WORK TO COMPLETE:
Quote the lines below from the one containing "天かすを使用するので、面倒な" to the final line, both ends included; exclude the pictures.

INFORMATION SUPPLIED:
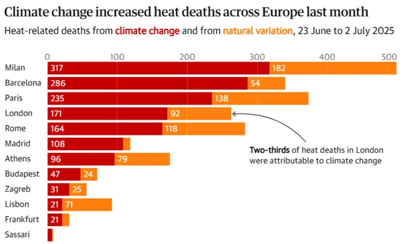 Ученые подсчитали, что в 12 крупных городах жертвами рекордно высоких температур стали 2300 людей. 1500 смертей из зафиксированных 2300 они связывают с климатическими изменениями, которые привели к нагреванию планеты и усилению экстремальных температур, пишет The Guardian со ссылкой на исследование ученых. Экспресс-анализ был проведен группой World Weather Attribution и охватил 10 дней, закончившихся 2 июля, в течение которых обширные территории Западной Европы были накрыты жарой. Ученые использовали эпидемиологические модели для оценки смертности, связанной с жарой, в таких городах, как Париж, Лондон, Мадрид и Рим и сравнили число погибших с данными гипотетического мира, в котором люди не нагревали планету, сжигая ископаемое топливо или уничтожая природу Полученные результаты четко указывают, что в двух третях случаев смерти виноваты климатические изменения. Из-за изменения климата температура в некоторых городах выросла на 4 градуса Цельсия, что привело к увеличению числа смертей на 1500 человек. Число погибших превысило число жертв в результате других недавних погодных катастроф, усугубленных загрязнением ископаемым топливом, таких как наводнения в Испании в 2024 году, унесшие жизни 224 человек, и наводнения в северо-западной Европе в 2021 году, жертвами которого стали 243 человека. Печальную статистику возглавляет Милан, где из 499 смертей от жары 317 были связаны с климатическими изменениями. За ним следуют Париж и Барселона. В Лондоне зарегистрировано 273 смерти от жары, 171 из которых исследователи связывают с влиянием человека на климат.
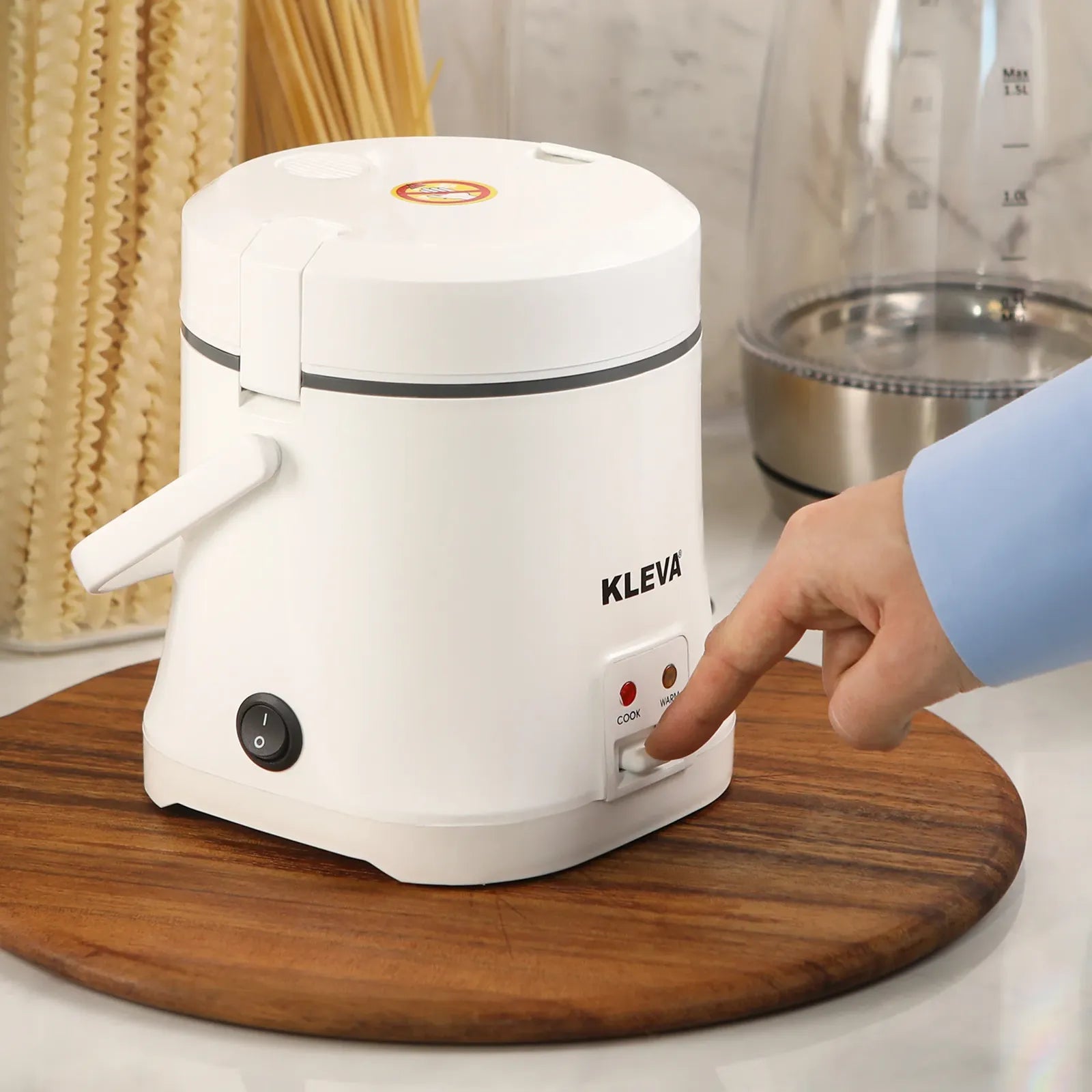 The Kleva One-Button Cooker makes perfectly cooked meals effortless. Just add your ingredients—vegetables, meat, pasta, and more—and press the one button. The cooker will handle the rest, cooking the food and the meat to perfection and then keeping it warm until you're ready to eat.
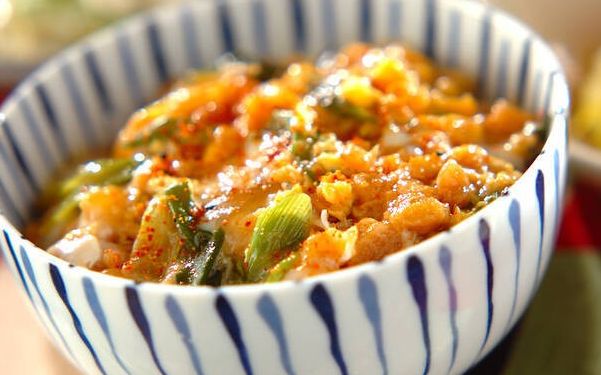 天かすを使用するので、面倒な揚げものの準備は不要! 思い立ったらパパッと簡単に作れるお手軽メニューです。溶き卵は半量ずつ入れてふわふわに仕上げるのがコツです。
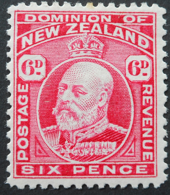 New Zealand 1915 Edward VII Six Pence 14×13½ (comb perf) mint. Stamp is mounted mint (One hinge mark and has a toned perf on rear). SG 403. Cat £75.

COMPLETED EXERCISE:
 天かすを使用するので、面倒な揚げものの準備は不要! 思い立ったらパパッと簡単に作れるお手軽メニューです。溶き卵は半量ずつ入れてふわふわに仕上げるのがコツです。
 New Zealand 1915 Edward VII Six Pence 14×13½ (comb perf) mint. Stamp is mounted mint (One hinge mark and has a toned perf on rear). SG 403. Cat £75.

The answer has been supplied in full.